Supporting OCF resources from the web of things

The Web of things is an abstraction layer for the IoT. As such it needs to work on top of existing IoT platform standards and decouple applications from the underlying protocols and communication patterns. The Open Connectivity Foundation has a large set of resources defined using RAML as part of the OIC specification 1.1.  RAML is a text based format for describing RESTful interfaces exposed by servers.

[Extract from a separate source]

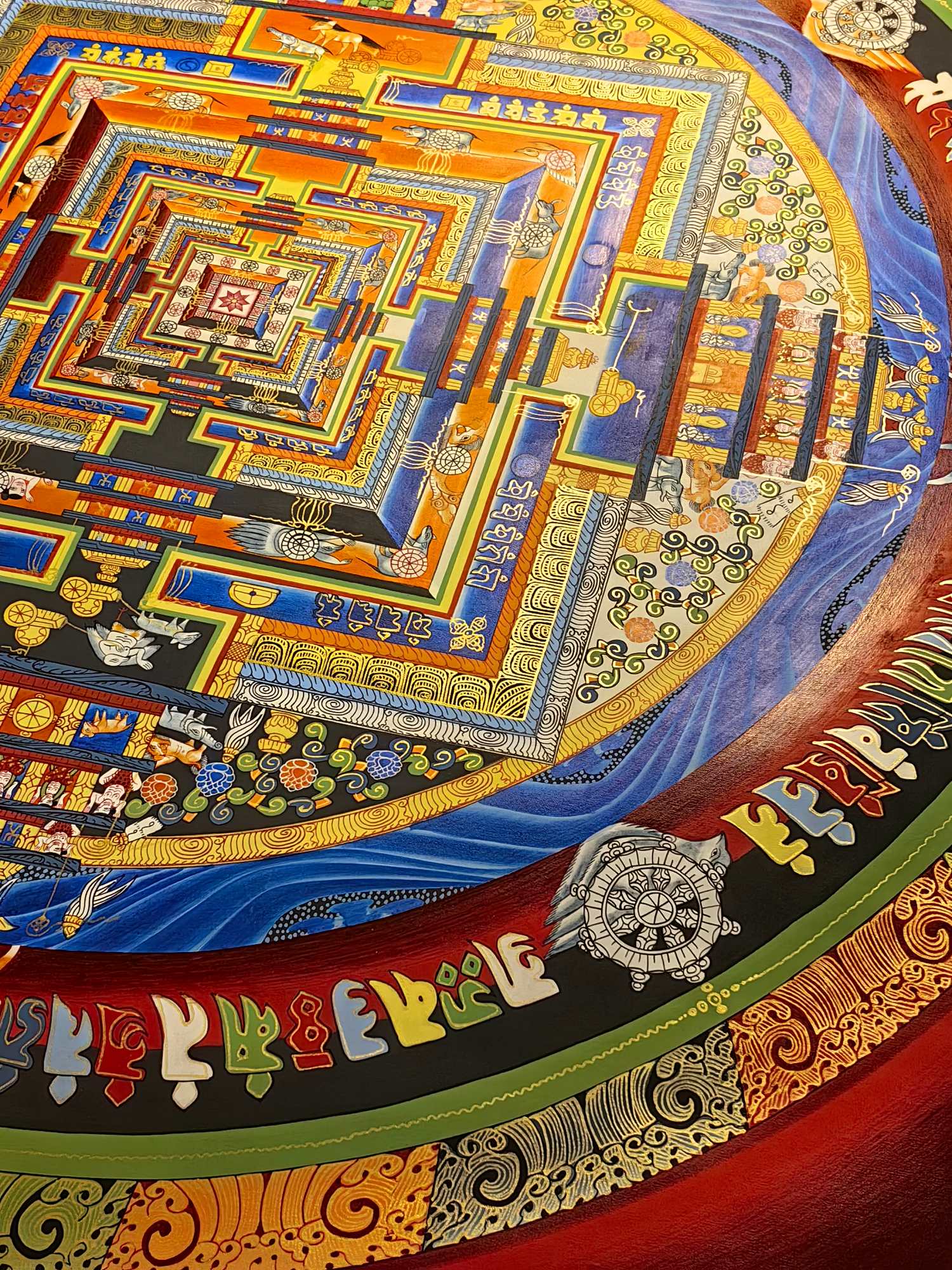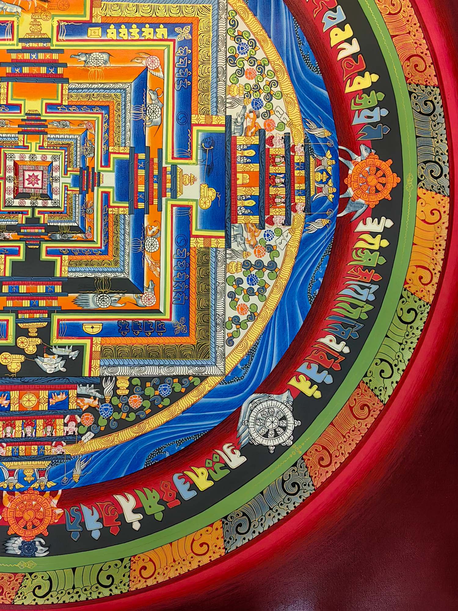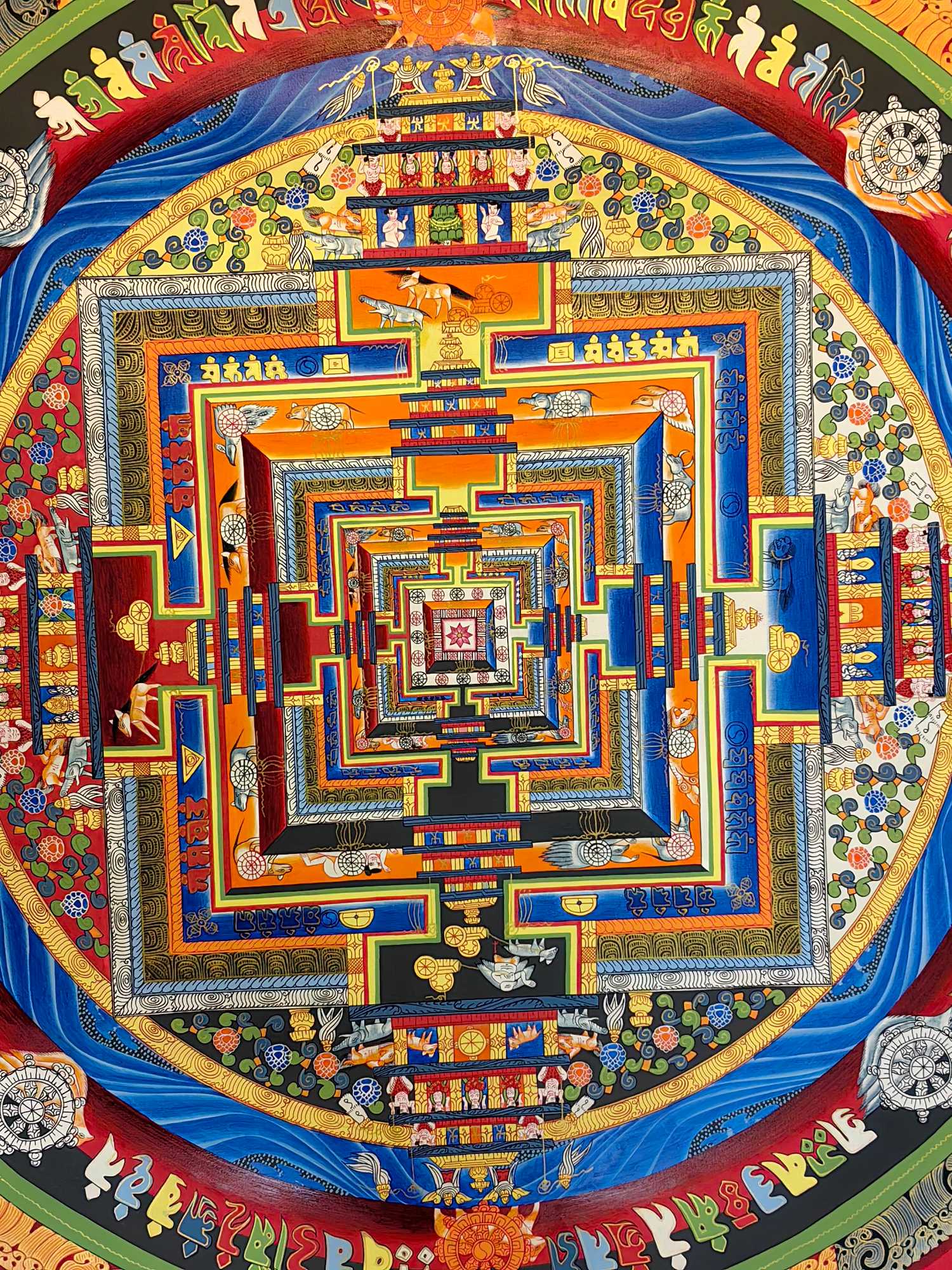 一、寓意深解:时轮金刚坛城的“修行与时间密码” 时轮金刚坛城是藏传佛教对**“时间本质、轮回秩序、修行圆满”**的终极艺术表达: – 「宇宙缩影」:多层几何结构象征“三界六道”的宇宙秩序,每一道层级都是修行者从“凡俗迷障”到“究竟觉悟”的进阶路径; – 「时间智慧」:坛城暗含“时轮”教义,寓意“掌控时间、超越轮回”,是对“生命在时间中修行,最终破迷开悟”的视觉化诠释; – 「圆满祈愿」:坛城的对称结构与繁复纹饰,寄托着“消弭业障、资粮圆满、成就佛果”的深厚祈愿,是精神修行者的“宇宙级护持图腾”。 二、工艺赋能:让“寓意”在传世匠艺中鲜活 – 纯手绘的虔诚:匠人以纯手工技法勾勒每一处细节(梵文咒轮的力量感、几何层级的秩序感、吉祥八宝的祈愿感),让“修行路径”的寓意通过笔触的温度具象化; – 天然矿彩的永续:天然矿物颜料让色彩历久弥新,坛城的红(象征智慧)、蓝(象征空性)、金(象征圆满)在岁月中始终鲜明,寓意“修行的智慧与圆满永不褪色”。 三、收藏价值:“寓意+工艺”的双重精神资产 这幅唐卡是**“精神寓意+艺术稀缺”**的双重价值载体: – 对宗教修行者:它是“时轮教义”的可视化修行工具,坛城的每一层都是“破迷开悟”的精神指引; – 对艺术藏家:它是藏传佛教艺术“寓意深度+工艺高度”的标杆,“时间与修行”的核心寓意让其在收藏市场中具备独特的文化溢价; – 对文化投资者:它是“信仰经济+艺术经济”的交叉资产,寓意的不可替代性与工艺的唯一性,使其成为可传世的精神与物质双增值藏品。 让这幅承载“时间智慧与修行圆满”的时轮金刚坛城,成为你精神世界与收藏序列中“破迷开悟”的传世符号——它的寓意,值得用一世去品读。

See: https://openconnectivity.org/resources/specifications

I’ve gone through all the sixty plus resources defined in OIC 1.1  and remodelled them in JSON. To test if this contains sufficient metadata for an OCF library to interoperate with OCF platforms, I’ve also done the experiment of automatically re-generating the RAML from the JSON. You can browse through the sixty or so models in the online demo at:

      https://www.w3.org/WoT/demos/td2ttl/oic.html

Some of the lessons learned include:

 -  thing descriptions are more more concise than RAML and much easier to understand
 -  thing descriptions need to include the OCF resource type identifier
 -  thing descriptions need to indicate which properties are require or optional
 -  whether a property is read-ony or not can be used to distinguish sensing and actuation
 -  arrays are needed, but the OCF use cases don’t clarify whether ordering matters
 -  enums and unions are needed for some of the use cases
 -  vectors provide a means to name the fields in arrays, e.g. for x, y and z coordinates
 -  re-useable type declarations are very handy for some use cases
 -  a means to link to external declarations (imports) are convenient in some use cases
 -  the need to distinguish integers from floating point numbers

I am still learning about the OCF approach, and want to explore this with the iotivity tool kit. For instance, the level of support for streaming, and what if anything there is for signalling changes to metadata as distinct from properties.

This has encouraged me to think about creating similar demonstrators for other platforms, e.g. Bluetooth, M2M, OPC, Protocol Buffers, RESTful Web services and so forth.  Anyone interested in helping with these studies?